In a recent case, Rudolph v. Abbott Laboratories, Inc., Civil Action No.: 3:18-cv-6071-PGS-TJB, 2023 WL 5638844 (D.N.J. August 31, 2023), the court denied defendant’s motion in limine seeking to prelude plaintiff from introducing evidence of other employees’ allegations of discrimination.
This evidence, typically referred to as “me too” evidence, can be very useful in a discrimination case.
From the decision:
Plaintiff argues that evidence of allegations of age discrimination made against Devlin by other Abbott Laboratories, Inc. employees is relevant and admissible to proving the discriminatory intent element in this case. Fed. R. Evid. 404(b)(2). Defendant seeks to preclude the evidence based on improper character evidence as irrelevant.
The Court denies Defendant’s request for an Order excluding the testimony of Earl “Andy” Bielitz and Ron Gonzales concerning complaints of age discrimination by Devlin. The testimony is temporally connected as having occurred within several months of Plaintiff’s alleged wrongful termination. The Third Circuit has permitted such evidence:
Evidence of an employer’s conduct towards other employees has long been held relevant and admissible to show that an employer’s proffered justification is pretext. See, e.g., McDonnell Douglas Corp., 411 U.S. at 804 (stating that evidence that employees of another race were treated differently from the plaintiff under comparable circumstances is “[e]specially relevant” to whether employer’s proffered explanation is pretextual); Becker v. ARCO Chemical Co., 207 F.3d 176, 194 n. 8 (3d Cir.2000) (citing cases holding that, “as a general rule, evidence of a defendant’s prior discriminatory treatment of a plaintiff or other employees is relevant and admissible under the Federal Rules of Evidence to establish whether a defendant’s employment action against an employee was motivated by invidious discrimination”). Thus, other acts are admissible under Rule 404(b) in the employment discrimination context for the proper purpose of establishing or negating discriminatory intent.
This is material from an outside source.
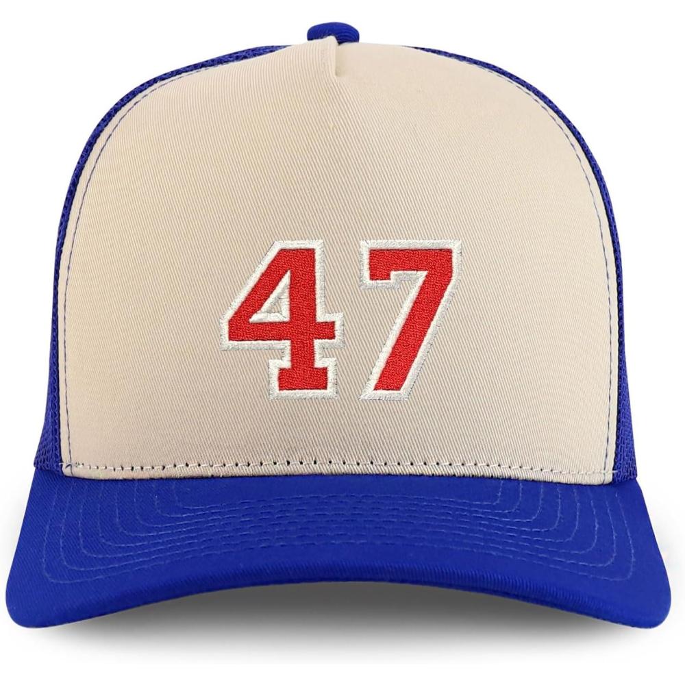 Trendy Apparel Shop Number 47 Varsity Font Embroidered 5 Panel Structured Snapback Cap(Stone Royal)

[Cleaned up; citations omitted.]
Accordingly, the court concluded that “[t]he testimony of Bielitz and Gonzales is admissible as to Devlin’s intent and motivation at the time of the employment dispute with Rudolph, and disputing Defendant’s proffered legitimate reason for termination as pretext” and that “other evidence such as Nitorshi Wilson and associated exhibits are admissible for the same reasons.”